Daedalus

Inspiration

Modeling is an essential skill for dozens of industries, yet has a high barrier to entry. Industry standard tools such as Blender take months to gain fluency in, and that's before you've made anything worthwhile. We wanted to lower the barrier to entry so significantly that even a kindergartener could do it. Modeling a 3D object should feel as natural as molding a lump of clay or Play-Doh, with your own hands.

What It Does

Daedalus is a browser-based 3D modeling tool controlled entirely through hand gestures captured by your webcam. No headset, no depth sensor, no downloads or installs of any kind. Using computer vision, Daedalus tracks your hand movements in real time and maps them to modeling operations in the 3D scene:

Tools and gestures:

  • Left hand finger gun – toggles the menu
  • Left hand fist – moves the carousel right
  • Right hand fist – select/click

Features

  • Add Shapes — right pinch cycles through cube, sphere, and cylinder. Left pinch spawns the current shape at your left hand position.
  • Translate — right open palm grabs and tracks the selection. Right fist locks it in place.
  • Dilate — close both hands into fists to engage the scale clutch, then spread apart to grow or pull together to shrink. Open either hand to latch the current scale; re-close to keep adjusting.
  • Rotate — right pinch near the object to grab. Twist your hand to rotate. Release to latch. Rotation is quaternion-based so there's no gimbal lock.
  • Select — right fist steps the focus cursor through shapes in the scene (the focused shape pulses white). Left fist toggles the focused shape into or out of your selection. Left pinch marks it as a hole cutter for boolean operations.
  • Interact — combines selected shapes with boolean CSG. Right pinch cycles through union, subtract, and intersect (live preview updates each time). Left pinch applies the operation.
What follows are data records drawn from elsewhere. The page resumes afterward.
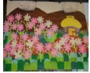
今月の壁面工作(コスモス)
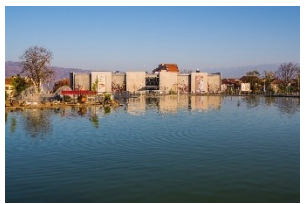
Petrich, das Geschichtliche Museum

Tag 2 - Freitag - Nach dem Frühstück, Besichtigung des Museums von Petrich -
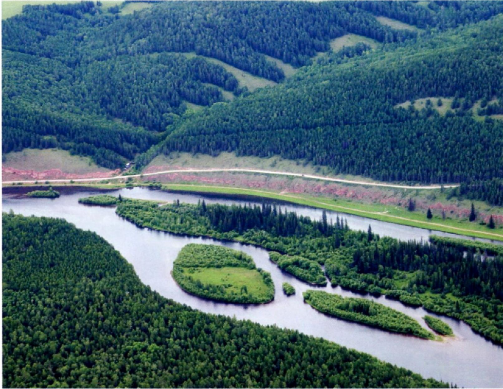
Живописные зеленые берега и островки Лены в ее верхнем течении.
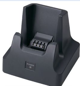
Док-станция USB/Ethernet (с функцией подзарядки) HA-F62IO
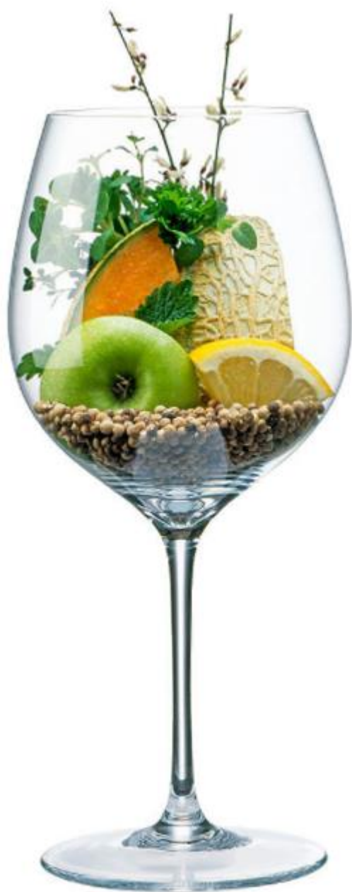
Abb. 2: Aromen des Grünen Veltliners // Aromas of the Grüner Veltliner .

Gehalt von rund 500 ng/L (0,0005 mg/L) im Wein enthalten und hat eine sehr niedrige Wahrnehmungsschwelle (16 ng/L).
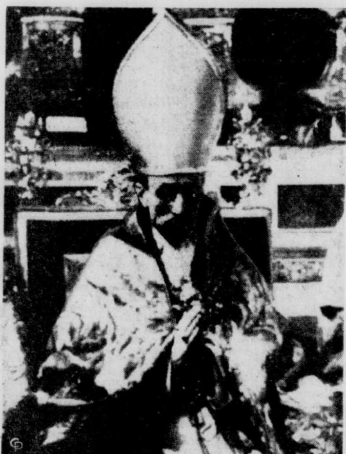
Voici la première photographie du Pape Pie XII dans la chapelle Sixtine alors qu'il recevait pour la première fois les hommages des cardinaux de la Sainte Eglise romaine. Le Pape portait les ornements de sa dignité et la mitre précieuse.

Pour la première fois depuis 1846 la foule romaine a pu assister hier, de la place St-Pierre, au couronnement d'un pape — La cérémonie qui se passa à l'intérieur de l'église dépasse en beauté et en magnificence tout ce qu'on a vu jusqu'ici — Une ovation formidable au nouveau Pontife — La première bénédiction.
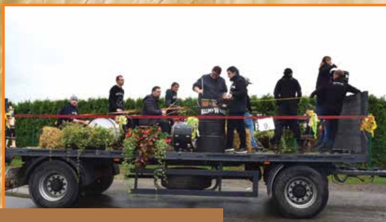
Uczestnicy projektu Walimy w Kocioł w korowodzie dożynkowym
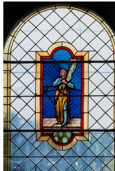
Baie 7 : Jeanne d'Arc.
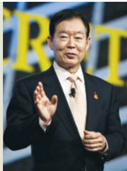
Генералният секретар на РИ Ег Фута се оттегля

Кандидатите трябва да имат висше образование, силен интерес и отлично да познават програмите и мисията на Ротари Интернешънъл, но не е задължително да са ротарианци.
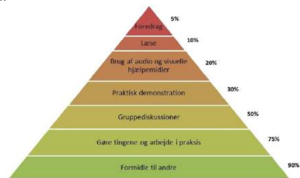
Figur 1: Læringspyramiden (EMU.dk)
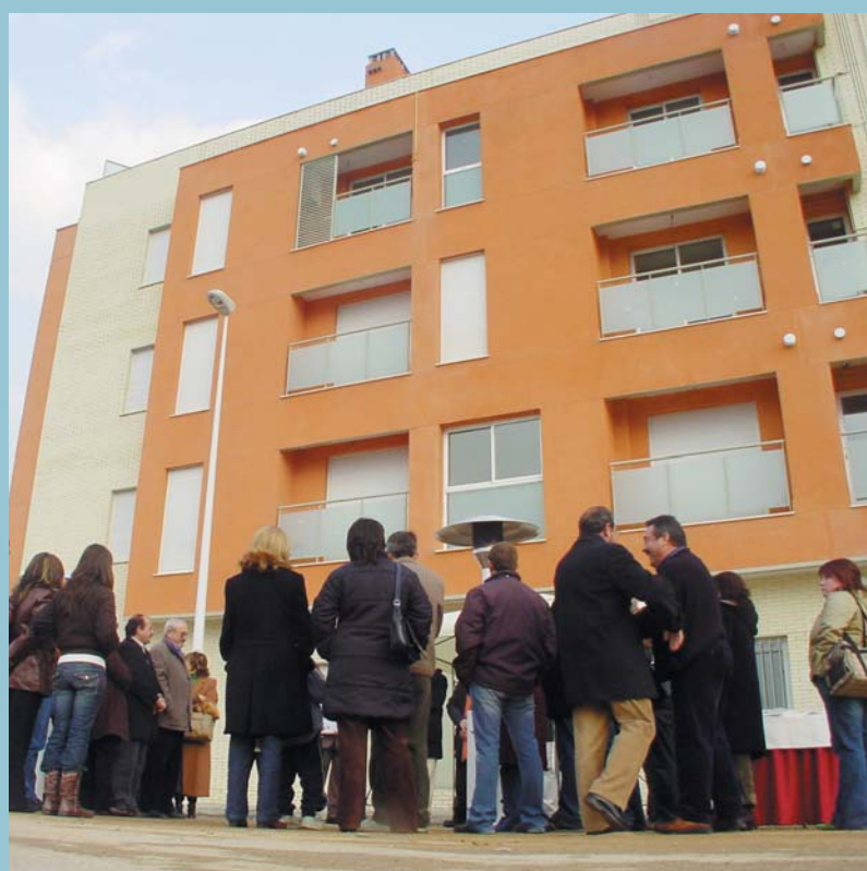
Acte de lliurament dels habitatges a peu de l'edifici

La Conselleria de Sanitat ha adjudicat mitjançant concurs públic la redacció i l'estudi del projecte per al centre de salut de Picanya. Aquest projecte es troba en la seua fase inicial, ja que el que acaba d'aprovar-se és la realització dels estudis previs. Una vegada estiga redactat aquest projecte, la conselleria haurà de tornar a fer un altre concurs públic per tal d'adjudicar l'execució final de les obres, raó per la qual encara resulta difícil preveure una data d'inici de les obres, tot i que l'Ajuntament fa anys que va posar a disposició de la Conselleria els terrenys per a la construcció del nou centre.
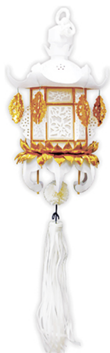
切子灯笼 金柱二重もみじ 税込価格 ¥13,200
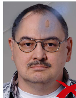
Knicke und Tintenflecke im Bild
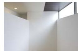
Well 吹き抜け 開放感の溢れる吹き抜けから明るい自然光が差し込む。
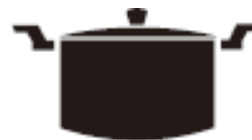
Каструля з випуклим дном
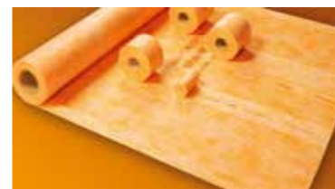
Schlüter®-KERDI dokładne i łatwe uszczelnienie
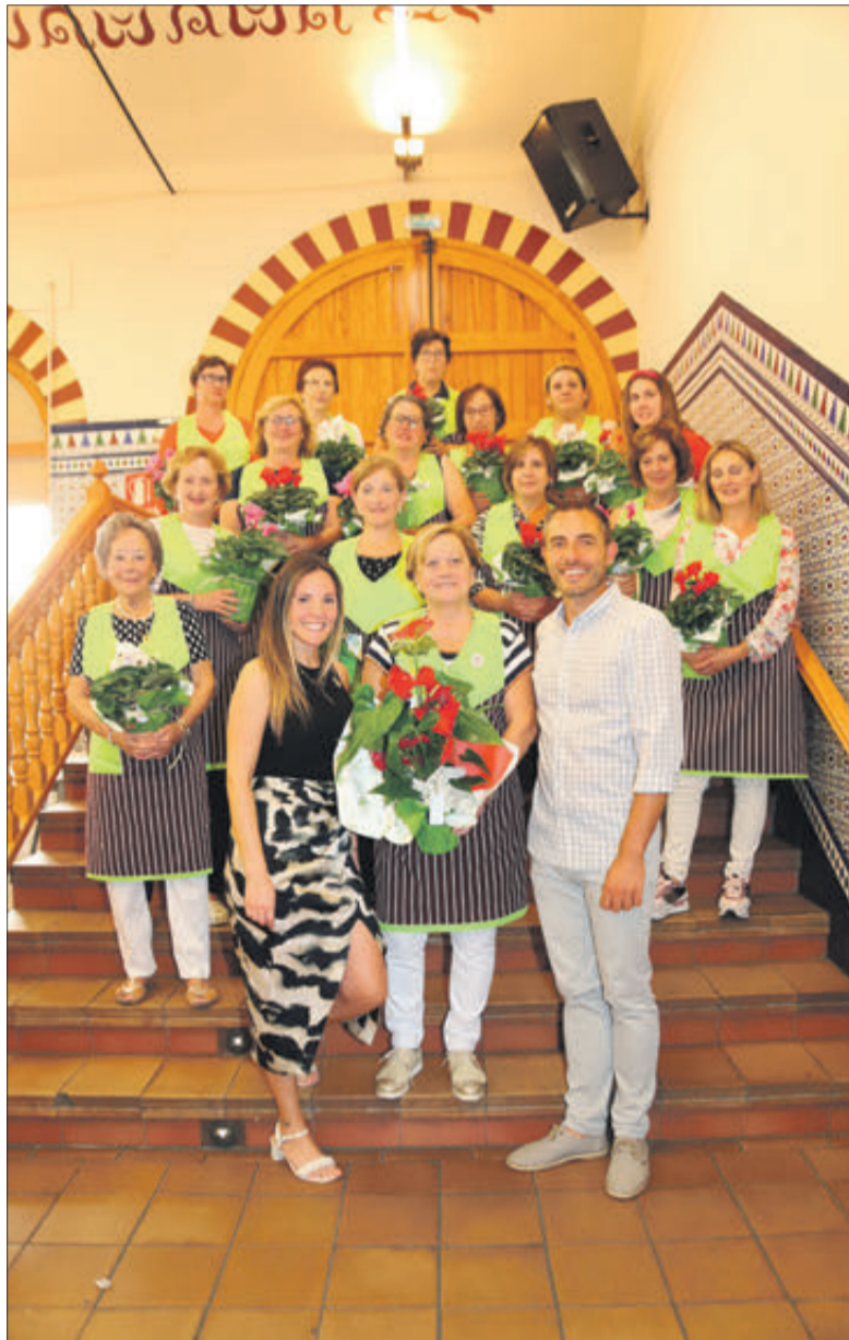
Agraïment a la col·laboració de les Ames de Casa.
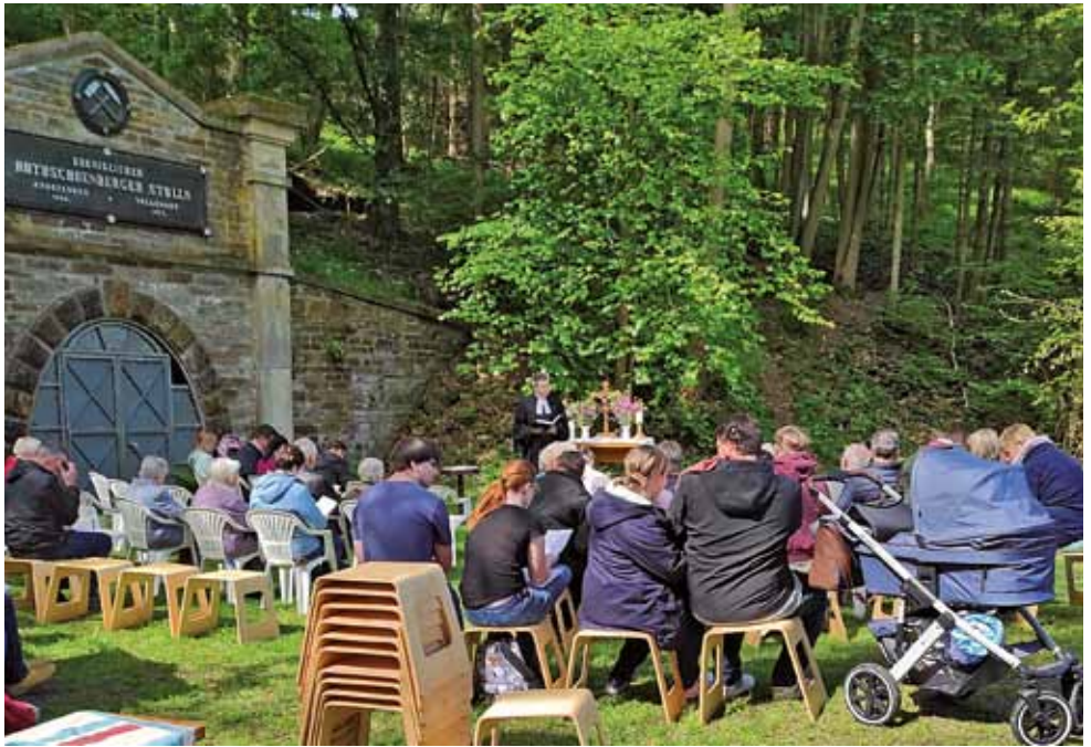
Zu Himmelfahrt am Roths Schönberger Stolln
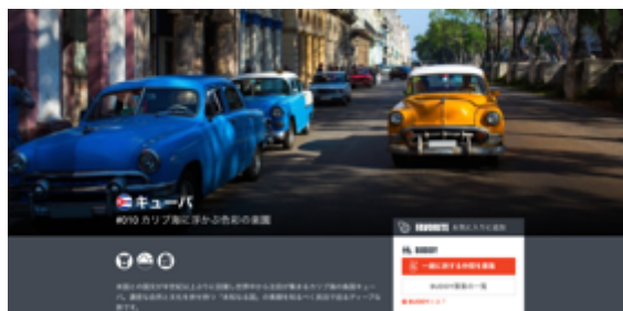
<「TRAVEL PLANET」掲載記事ページ例>

「TRAVEL PLANET」に掲載している全てのプランが BUDDY システムの対象となります。行きたいプランの記事を選び、『一緒に旅する仲間を探す』ボタンをクリックすると、BUDDY システムを利用することができます。
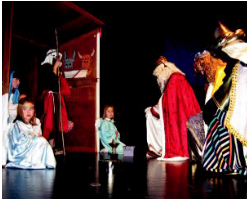
Meltxor, Gaspar eta Baltasar erregeak, Belengo atarira opariak eramaten. LEIRE MONTES

TOLOSA ▶ 'Oi Bethlehem' taularatu zuten herenegun Hirukide ikastetxeko ikasleek, Leidorren; Gabonetan egiten duten antzezlanak 25 urte bete ditu
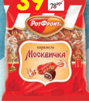
КАРАМЕЛЬ «МОСКВИЧКА» «Рот Фронт», 250 г
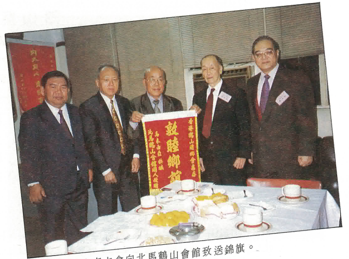
陸容章會長代表本會向北馬鶴山會館致送錦旗。
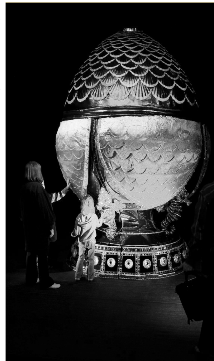
Основой для спектакля послужила опера Римского-Корсакова «Садко», а художественное решение было вдохновлено ювелирными изделиями Карла Фаберже

очень необычный и лучше всего его можно охарактеризовать словом «инновационный». Однако проблема этой постановки заключена в отсутствии слов. Музыка, записанный «закадровый» голос рассказчика и визуальный ряд ведут к тому, что к середине спектакля внимание рассеивается, становится сложно следить за сюжетом. Очень не хватает живых голосов актеров, чтобы оживить всю эту красоту на сцене и вдохнуть в нее жизнь. Без этого прекрасное яйцо похоже на изобретение сумасшедшего ученого, и совершенно неясно, куда его приспособить.

Shapes marked as cutters in Select will carve holes on union.
  • Destroy — right pinch deletes all selected shapes. Requires an active selection from Select first.
  • Morph – use hands to mold the shape like clay
  • Toggling mesh/solid - dual finger guns

How We Built It

  • Three.js / WebGL for 3D rendering and scene management in the browser
  • Computer vision via webcam-based hand tracking for gesture recognition and mapping to 3D transforms
  • AI voice integration for the natural language assistant, which handles both generative shape creation and scene decoration

Challenges We Ran Into

Getting gesture recognition to feel responsive and accurate in a 3D context turned out to be the hardest part of the whole project. A webcam sees flat, 2D hand positions, and translating those into meaningful operations on a 3D object required a lot of calibration and testing to stop it feeling imprecise. We also had to design the gesture vocabulary from scratch, which meant thinking carefully about which actions people actually need most often and how to make them memorable enough that you're not constantly stopping to look up what your hands are supposed to be doing.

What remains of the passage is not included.